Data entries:
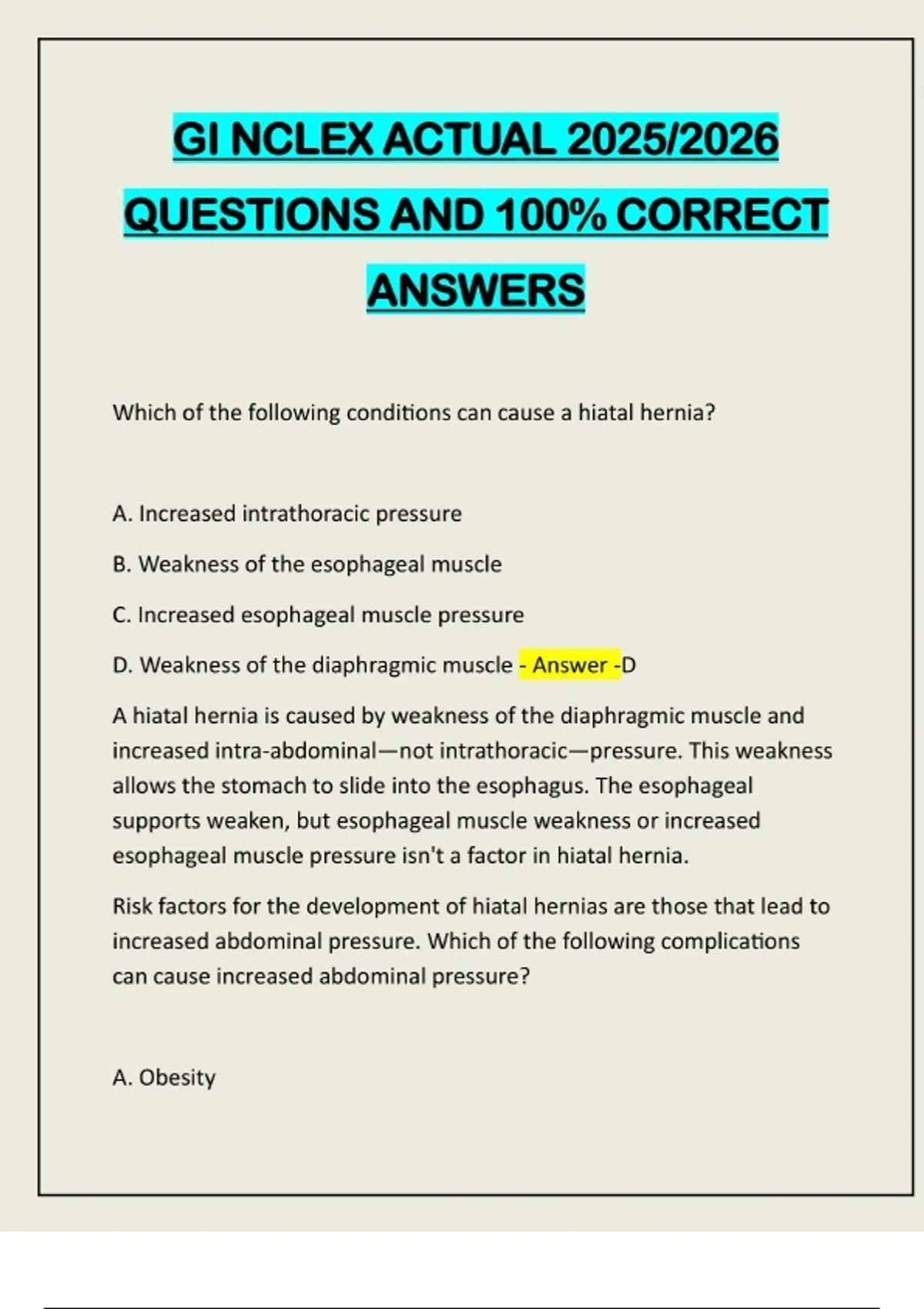 INTEG NCLEX 6/15/20 ATI PRACTICE ASSESSMENT ACTUAL 2025/2026 QUESTIONS AND 100% CORRECT ANSWERS A nurse is caring for a client who has a surgical wound. Which of the following factors places the client at risk for dehiscence? (Select all that apply.) - Answer --Poor nutritional state The client who is malnourished is at risk for dehiscence due to impaired healing. -Obesity The client who is obese is at risk for dehiscence due to poor healing abilities of adipose tissue and the constant strain placed on the incision. -Wound infectionThe client who has a wound infection is at risk for dehiscence due to delayed healing. A nurse is collecting data on a client who has a surgical wound healing by secondary intention. Which of the following findings should the nurse report to the charge nurse? - Answer --The wound has a halo of erythema on the surrounding skin. A ring of redness on the surrounding skin can indicate underlying infection, and the nurse should report any indication of infection such as purulent drainage, swelling, warmth, or strong odor. A nurse is reinforcing teaching to a client about skin cancer. Which of the following statements by the client indicates a need for further teaching? - Answer --"Eating a high fiber diet will reduce my risk for developing skin cancer." The nurse should inform the client that a high fiber diet is recommended to reduce the risk of colon cancer, not skin cancer. A nurse in a dermatologic clinic is caring for a client who has a malignant melanoma. The nurse should anticipate a prescription for which of the following laboratory test to determine if the melanoma has metastasized? - Answer --Lactic dehydrogenase and aminotransferaseElevations of lactic dehydrogenase and aminotransferase can indicate metastasis to the client's liver. A nurse is discussing alopecia with a client who is to begin chemotherapy. Which of the following statements should the nurse include? - Answer --Hair loss is common and includes eyebrows and eyelashes. The nurse should inform the client that alopecia occurs as a whole-body hair loss for most clients administered chemotherapy. A nurse is reinforcing teaching with a client about the risk factors for skin cancer. Which of the following statements by the client indicates an understanding of the teaching? - Answer --"I need to use sunscreen even in winter." The client should use sunscreen daily to minimize the negative effects of ultraviolet rays. The vast majority of cases of skin cancer diagnosed each year are considered to be sun related. A nurse is caring for a client following the application of an aquathermia pad. Which of the following manifestations should the nurse identify as an indication that the client has a superficial burn? - Answer --Erythema Erythema is a manifestation of a superficial burn. A nurse is assisting with the care of a client who has partial-thickness and full-thickness burns to his upper torso and face. Which of thefollowing action should the nurse take to prevent infection? - Answer -- Change gloves between sites when providing wound care to multiple wounds. To prevent cross-contamination of wounds, the nurse should wear sterile gloves during all dressing changes and wound care activities. The nurse should change gloves when providing wound care to a new wound site on a different area of the client's body. A nurse is contributing to the plan of care for a client who has a spinal cord injury and paralysis. Which of the following actions should the nurse include in the plan to decrease the client's risk of skin breakdown? (Select all that apply.) - Answer --Use pillows to keep heels off the bed surface
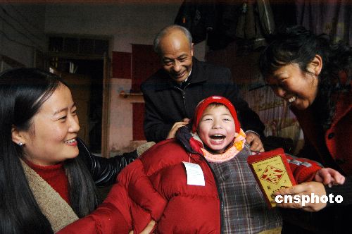 新年即將到來(lái),四川省綿陽(yáng)市民政局組織福彩中心、市梓潼兒童福利院開(kāi)展“愛(ài)心助孤過(guò)年活動(dòng)”,為家庭寄養(yǎng)孤兒送去慰問(wèn)金、防寒服、水果、糖等年貨。圖為殘疾人蘇太金家,市民政局工作人員為寄養(yǎng)的7歲孤兒涪斌穿上防寒服。中新社發(fā) 成和平 攝
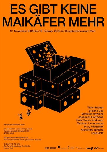 The title of our exhibition Es gibt kein Maikäfer mehr borrows from a popular Schlager song from 1974 by folk singer Reinhard Mey. In the song, Mey nostalgically observes the newly constructed car park that has replaced the home of an old acquaintance. This nostalgia recalls a time predating urbanisation, when local communities gathered together to chase Maikäfer insects, which threatened crops and forests. In our collective as well as individual works, we respond to this song lyric by reflecting on how processes of modernisation and industrialisation have fallen short of their „Wirtschaftswunder“ promises of prosperity and how utopian projects have fallen out time, both in the specific context of Marl and within broader historical and geographical contexts.
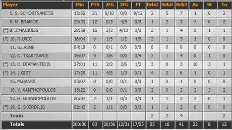 Ο Σχορτσανίτης ήταν ασταμάτητος κόντρα σε μία άμυνα μάλλον μαλθακή, ο Διαμαντίδης δημιουργούσε καταστάσεις για τους συμπαίκτες του ενώ ο Μασιούλις έβαλε και αυτός το δικό του λιθαράκι προς το τέλος του αγώνα με το σκοράρισμά του. Η διαφορά καρφώθηκε από το +10 έως το +17 και ο Παναθηναϊκός πέρασε με λίαν καλώς ένα δύσκολο, από ψυχολογικής πλευράς, τεστ.
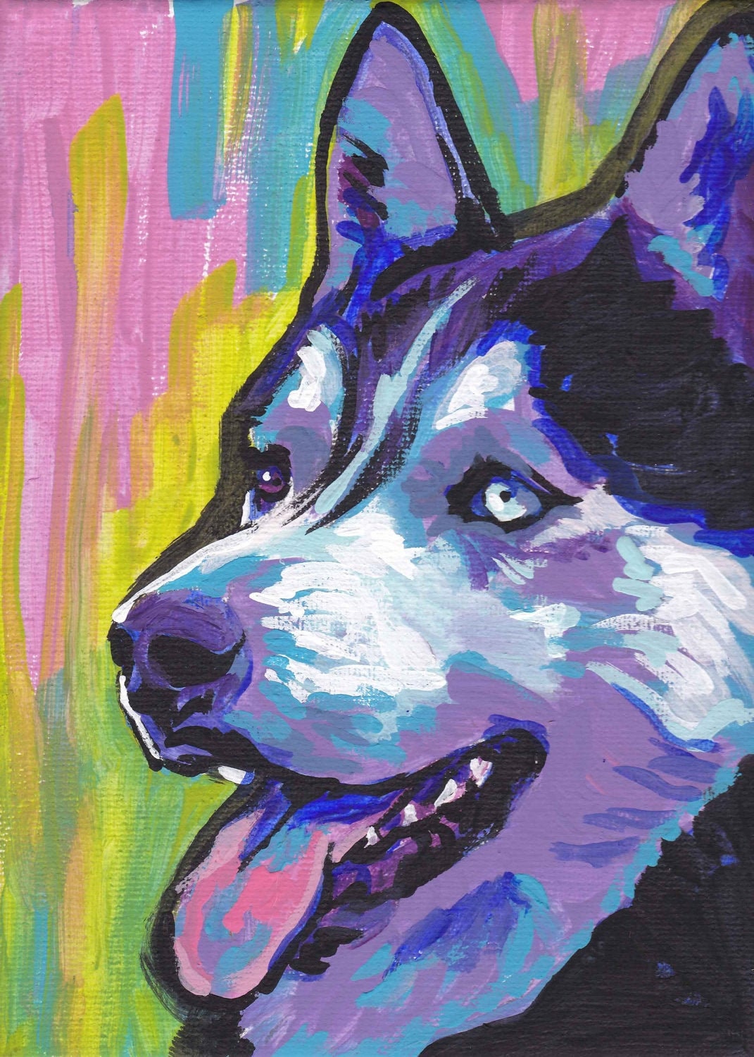 Siberian HUSKY DOG PORTRAIT art print of pop art painting bright colorful wall art 8.5x11"

REQUIRED WORK:
Starting at the line that holds "Ο Σχορτσανίτης ήταν", retype every line through the end of the data, both ends included. Pictures stay out of the copy.

OUTPUT BELOW:
 Ο Σχορτσανίτης ήταν ασταμάτητος κόντρα σε μία άμυνα μάλλον μαλθακή, ο Διαμαντίδης δημιουργούσε καταστάσεις για τους συμπαίκτες του ενώ ο Μασιούλις έβαλε και αυτός το δικό του λιθαράκι προς το τέλος του αγώνα με το σκοράρισμά του. Η διαφορά καρφώθηκε από το +10 έως το +17 και ο Παναθηναϊκός πέρασε με λίαν καλώς ένα δύσκολο, από ψυχολογικής πλευράς, τεστ.
 Siberian HUSKY DOG PORTRAIT art print of pop art painting bright colorful wall art 8.5x11"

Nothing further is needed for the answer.